Veto message: Wait for federal legislation



(The Center Square) – Using Central Bank digital currency, or tests by the Federal Reserve Branch, is favored by North Carolina’s governor.

The General Assembly, overwhelmingly, disagrees. Legislation passed in the U.S. House of Representatives on the currency regulation is yet to move in the Senate, though waiting for it or another bill is preferred by Gov. Roy Cooper.

Still, the decision late Friday of the holiday weekend by the governor was to issue a veto for No Centrl [sic] Bank Digital Currency Pmts to State. The legislation passed the Senate 39-5 and the House 109-4.

As he did a month ago, Cooper seized on the opportunity of a veto message to chide the Republican majorities on fiscal matters.

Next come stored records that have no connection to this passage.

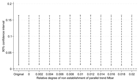 - Rambachan, A.; Roth, J. A More Credible Approach to Parallel Trends. Rev. Econ. Stud. Forthconming 2023, 90, 2555–2591. [Google Scholar] [CrossRef]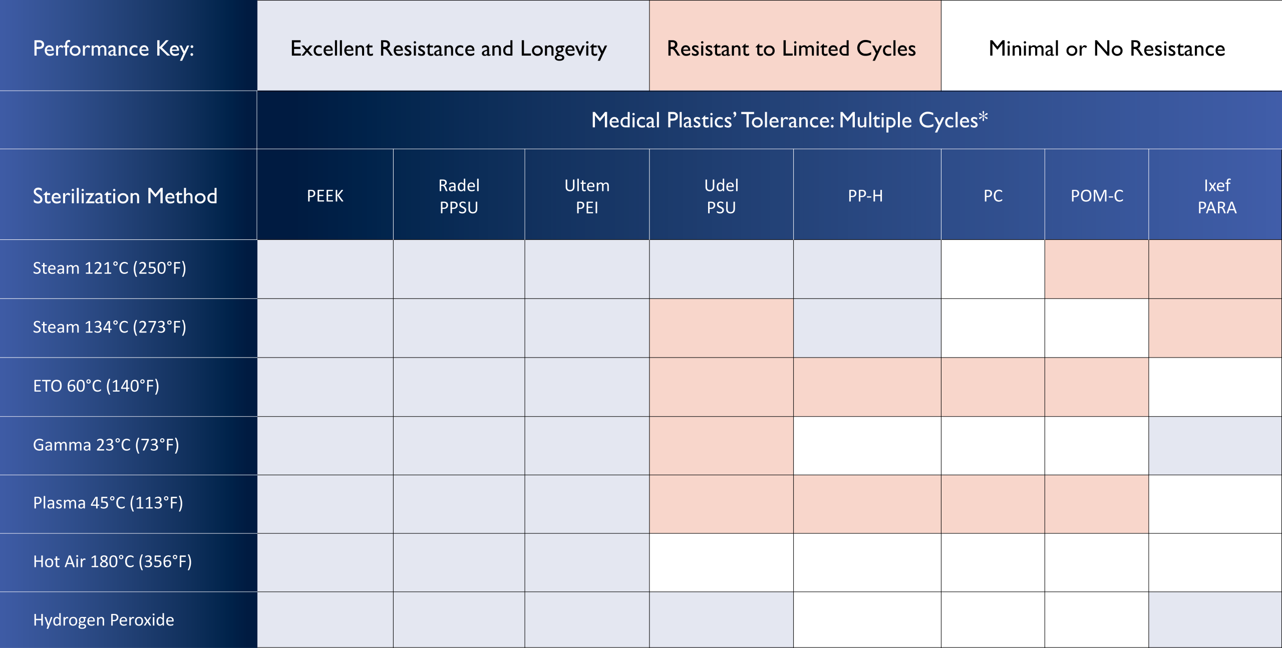 Table 1 approximates the tolerance of widely-specified medical plastics to various sterilization processes and cycles, and can serve as a general guide to help the designer narrow the range of options for an application. In all cases, it is strongly recommended that designers contact the resin supplier through Genesis or directly for definitive information on a material’s suitability for the intended sterilization procedure.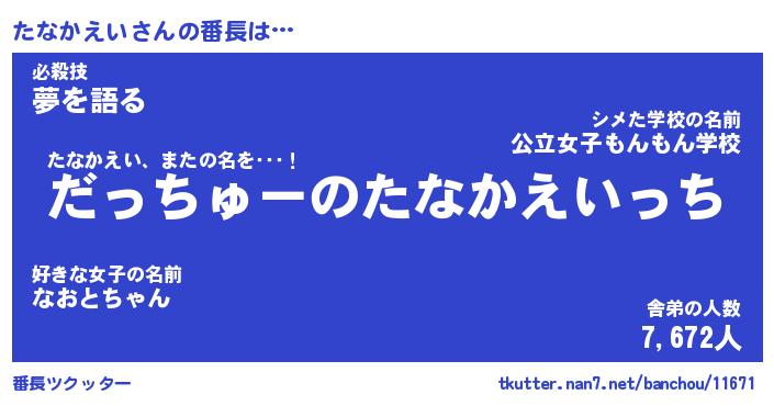 | ファンタジー風あだ名 | 『タナフェル』『エターナルタナカエイー』 |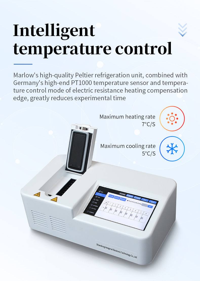 3. Marlow high-quality Peltier refrigeration chips, combined with Germany's high-end PT1000 temperature sensor and temperature control mode with electric resistance heating compensation edge, have a high heating rate of 7 ℃ and a high cooling rate of 5 ℃, greatly reducing experimental time.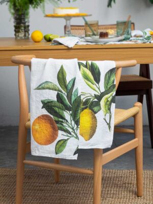 Orange & Lemon White Linen Kitchen Towels (set of 2)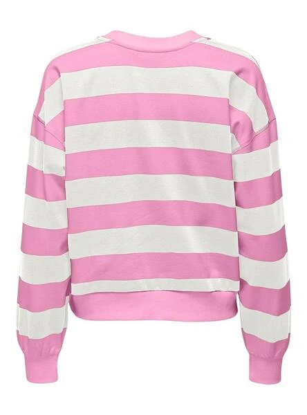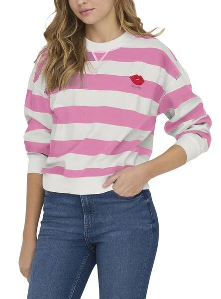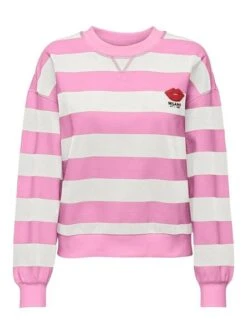 Sweat-shirt Only. Modèle Serena. Couleur rose. Manches longues. Col rond. Conception à rayures. Broderie sur la poitrine.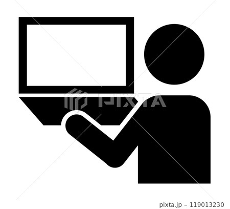 一個簡單的黑色圖標,顯示辦公室工作人員在筆記型電腦上工作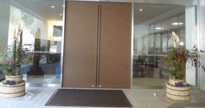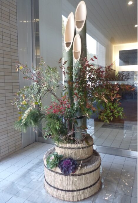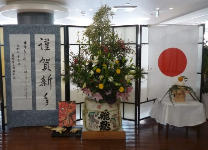 2025年!今年もどどーんと立派な門松、豪華絢爛な生け花や正月の書など入口に飾りました。花は入居者様が見守る中、事務職員の在津さんがダイナミック且つ繊細に生けてくれました。見事!!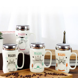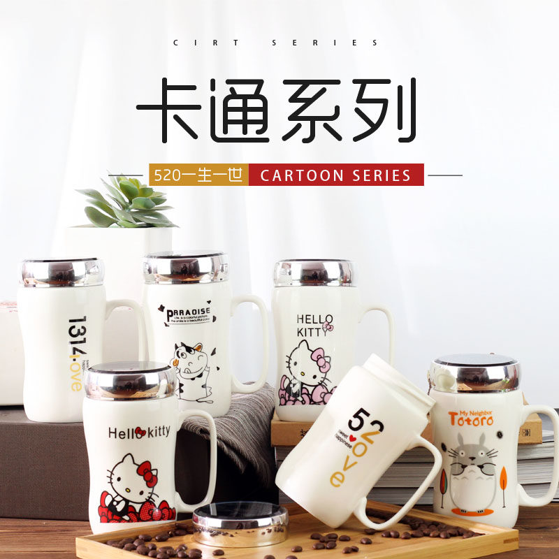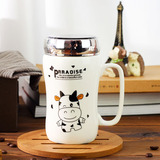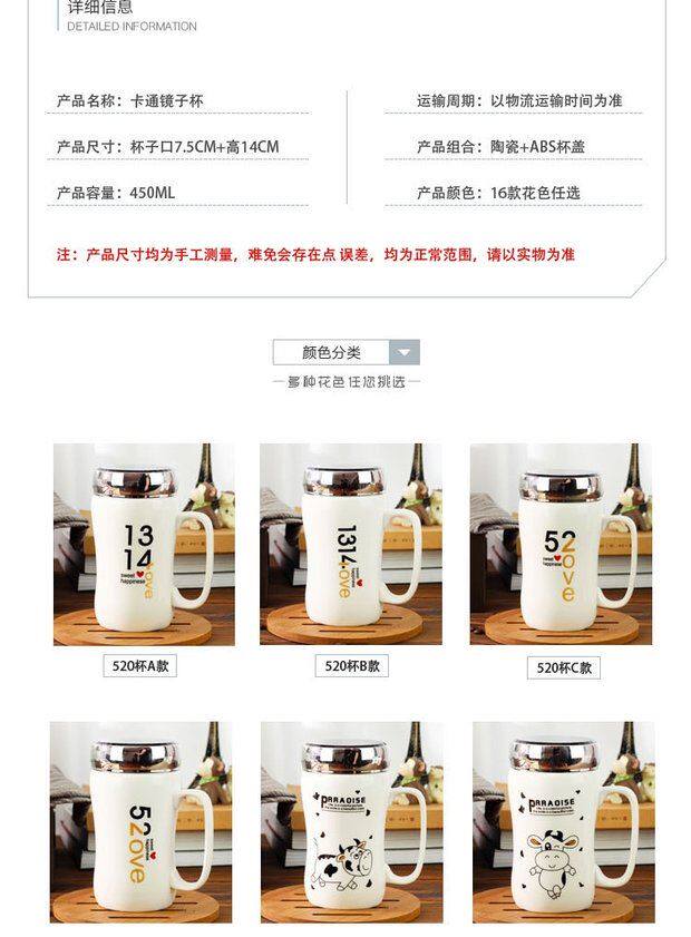 Мультяшная крышка для влюбленных со стаканом, вместительная и большая чайная чашка, зеркальный эффект, делается под заказ, с печатью вашего логотипа

In his message to lawmakers, the second-term Democrat wrote that the bill is “premature, vague and reactionary” that respond to decisions that “haven’t even been made yet.”

“Instead of this bill, the Legislature should have passed a budget to provide more funding for cybersecurity threats that actually exist now,” he added.

On May 22, the U.S. House passed changes for regulation of the cryptocurrency industry in a bill colloquially known as FIT21. The legislation is opposed by the White House. The Financial Innovation and Technology for the 21st Century Act, approved 279-136, had support of 71 Democrats.

There’s been no action for it yet in the Senate.

U.S. Rep. Patrick McHenry, R-N.C., was the floor leader in final debate on the bill.

North Carolina’s House Bill 690 follows up on language in General Statute 147-86.11(a) that directs the state’s controller, treasurer, budget officer and auditor to “develop, implement and amend as necessary a uniform statewide plan to carry out the cash management policy” for all state agencies.

The proposal has a new section, General Statute 147-86.19, saying “central bank digital currency payments prohibited.”

Cryptocurrencies are digital currencies, such as Bitcoin and Ethereum. In 2022, the Biden administration authorized further research into digital currencies by executive order.

Against in the Senate were Democrats Val Applewhite of Cumberland County, Dan Blue of Wake County, Michael Garrett and Gladys Robinson of Guilford County, and DeAndrea Salvador of Mecklenburg County. Against in the House were Democrats John Autry and Mark Belk of Mecklenburg County, Sarah Crawford of Wake County, and Pricey Harrison of Guilford County.

Cooper also redirected lawmakers toward fiscal matters on June 14. He said the juvenile justice system should get more money appropriated when he vetoed legislation modifying the definition of delinquent juvenile and the process for transferring cases for trial as adults.